Deaf geographies, and other worlds.

BSL ‘recognition’ – ten years on


(Image, from http://www.grumpyoldeafies.com/2008/03/the_5th_anniversary_of_apathy.html, a post worth reading in its own right)

So, yesterday was the tenth anniversary of the recognition of BSL by the UK government, of the provision of a £1.5 million support fund to encourage BSL, and of the successful end of the BSL recognition campaign.

Wasn’t it?

Not really. It was the tenth anniversary of one of the most damaging gagging manoeuvres ever pulled on the Deaf community in the UK.

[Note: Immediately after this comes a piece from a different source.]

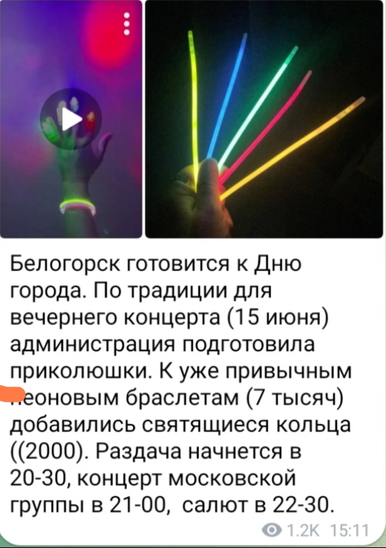 День города, наряду с другими праздниками в нашей стране самый большой по размаху подготовки праздник. В этот день проводятся праздничные мероприятия, выступления, народные гуляния, концерты, а так же раздача сувенирной продукции. Волонтёры будут раздавать в 2024 году на день города не только светящиеся браслеты, но и светящиеся колечки жителям и гостям Белогорска.

And, although I don’t think the government actually set out with the aim of silencing the Deaf community… the tactics they employed wouldn’t have been out of place in colonial days. What better way to silence, and disarm a group who are gaining momentum, and have a legitimate claim to justice, than to muddy their campaign with half truths, confuse and divide them with a pay-off, and then cause those who are still dissatisfied to be ridiculed and quietened from within, for fear of losing what little has been gained.

2003 brought no recognition of BSL – at least none that recognised BSL and its place in the UK. Sure, there was recognition of BSL as a language in the UK… that’s a no brainer, that’s like recognising that women have a vagina, and men have a penis – but it’s not equality.

Nor did 2003 bring any form of proper government recognition. Again, there was an announcement by a department of the government – the bit that administers disability and welfare provision – just the bit you don’t want to announce something like this… it’s rather like a group of vivisectionists claiming that animals have a right to life, because it serves their purposes by allowing them to experiment on them for longer.

And it didn’t bring any real support fund. Yes, there was a pot of money – which was chopped up into about 10 parts, and awarded to a number of projects from across the range of everything to do with ‘d.e.a.f’ from the University of Bristol, to the RNID (as was) to consortia of BSL users. All of the project were service oriented, and (as is perfectly legitimate for a service body) decided that they’d got what they wanted, and started working out how to spend it (or fritter it away).

So, 2003 didn’t see a successful end to the BSL campaign. Yes, it stopped it – perhaps ‘killed it’ would be a  better way to put it, but it died in weariness and confusion rather than a blaze of glory, with some thinking that it was all over, others only too aware that it hadn’t even begun – and a general exhaustion at the realisation that proper recognition would probably be even more difficult, given the need to cut through the additional layers of phony recognition that was now in place.

Which is why, after 10 stolen years, it’s bubbling up again.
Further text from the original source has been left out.